Linaom1214 commented on May 13, 2024

im getting this issue . while doing inference. i converted model using this notebook https://colab.research.google.com/github/WongKinYiu/yolov7/blob/main/tools/YOLOv7trt.ipynb

the reop don't support end2end model, please reference the readme to convert trt engine.

YOLO Series TensorRT Python/C++

简体中文

Support

YOLOv7、YOLOv6、 YOLOX、 YOLOV5、

Update

2022.7.8 support YOLOV7
2022.7.3 support TRT int8 post-training quantization

Prepare TRT Env

Python

pip install --upgrade setuptools pip --user
pip install nvidia-pyindex
pip install --upgrade nvidia-tensorrt
pip install pycuda

C++

By Docker

Quick Start

Here is a Python Demo mybe help you quickly understand this repo Link

YOLOv7 [C++, Python Support]

https://github.com/WongKinYiu/yolov7.git

Modify code: Modify the yolo.py as follows:
https://github.com/WongKinYiu/yolov7/blob/5f1b78ad614b45c5a98e7afdd295e20033d5ad3c/models/yolo.py#L57

return x if self.training else (torch.cat(z, 1), ) if not self.export else (torch.cat(z, 1), x)

Export onnx

python models/export.py --weights ../yolov7.pt --grid

Convert to TensorRT Engine

python export.py -o onnx-name -e trt-name -p fp32/16/int8

Test

cd yolov7
python trt.py

C++

C++ Demo

from tensorrt-for-yolo-series.

akashAD98 commented on May 13, 2024

my trained model with yolov7.pth will not support here? should we need to modify yolo.py & again we need to train model ? image inferenceing is supported by this model but on video inference I'm getting this issue. @Linaom1214

from tensorrt-for-yolo-series.

agjunyent commented on May 13, 2024

If image inferencing is working, why don't you just change the input from images to video frames?

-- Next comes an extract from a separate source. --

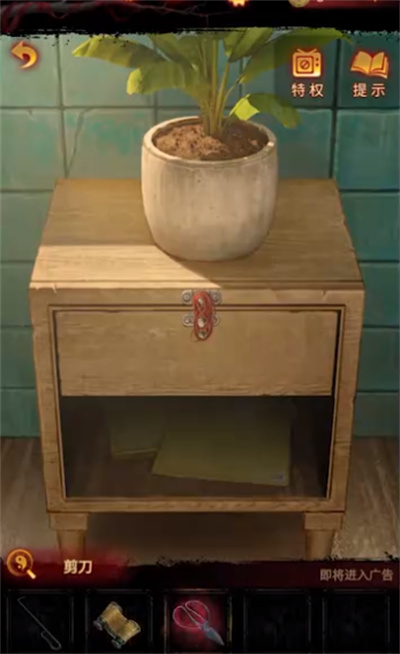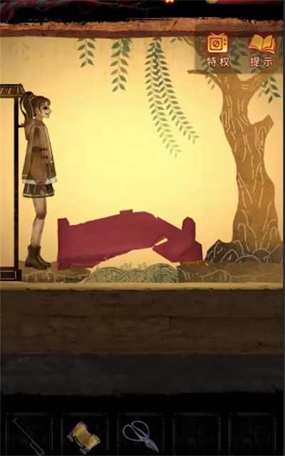 22.看完剧情,点击窗边的小柜子,用剪刀剪断绳子,得到第一张图卡。

Which code are you using to predict on images?

from tensorrt-for-yolo-series.

akashAD98 commented on May 13, 2024

im using this notebook https://colab.research.google.com/github/WongKinYiu/yolov7/blob/main/tools/YOLOv7onnx.ipynb

already given video path & here it has only image inference, so I added detect_video() https://github.com/Linaom1214/tensorrt-python/blob/08bb095c022044e254361db18a2f4f4040976c23/utils/utils.py#L62
in the code.

origin_img = pred.inference('/content/yolov7/inference/images/horses.jpg')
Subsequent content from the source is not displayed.